*EXERCISE AIM*:
What is needed is an exact copy of the lines in the listing below, from the one with "Troops of the" up to and including the one with "12月6日,江苏省法学会农业", with no other lines.

*DATA FOR ANALYSIS*:
***

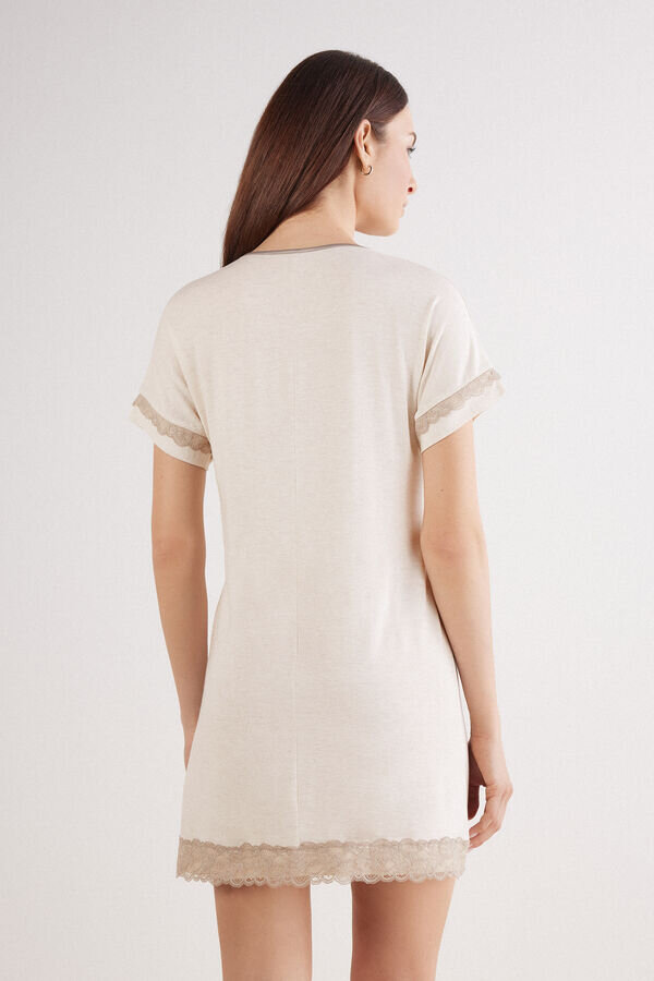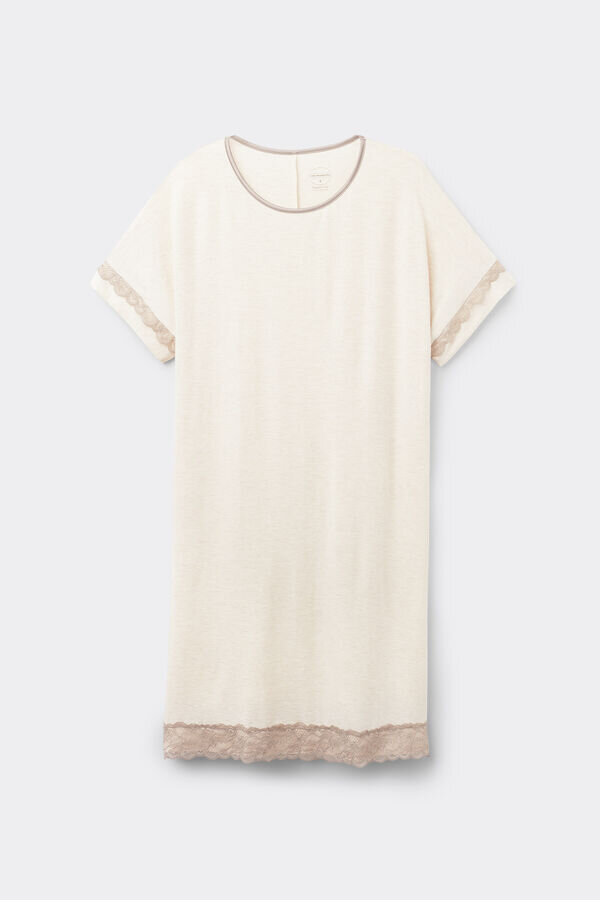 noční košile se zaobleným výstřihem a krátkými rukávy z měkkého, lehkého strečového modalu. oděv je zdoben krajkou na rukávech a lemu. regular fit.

***

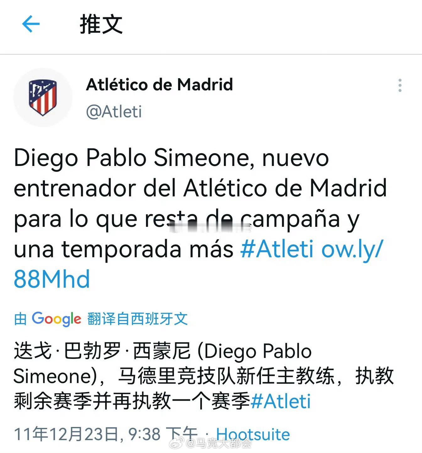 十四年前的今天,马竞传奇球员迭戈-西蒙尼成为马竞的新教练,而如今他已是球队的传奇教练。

***

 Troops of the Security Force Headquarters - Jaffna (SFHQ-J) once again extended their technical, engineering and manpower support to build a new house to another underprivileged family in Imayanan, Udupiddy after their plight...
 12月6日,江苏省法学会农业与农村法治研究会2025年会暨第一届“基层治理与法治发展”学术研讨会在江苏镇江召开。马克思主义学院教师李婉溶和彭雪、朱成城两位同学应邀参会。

***

*COMPLETED EXERCISE*:
 Troops of the Security Force Headquarters - Jaffna (SFHQ-J) once again extended their technical, engineering and manpower support to build a new house to another underprivileged family in Imayanan, Udupiddy after their plight...
 12月6日,江苏省法学会农业与农村法治研究会2025年会暨第一届“基层治理与法治发展”学术研讨会在江苏镇江召开。马克思主义学院教师李婉溶和彭雪、朱成城两位同学应邀参会。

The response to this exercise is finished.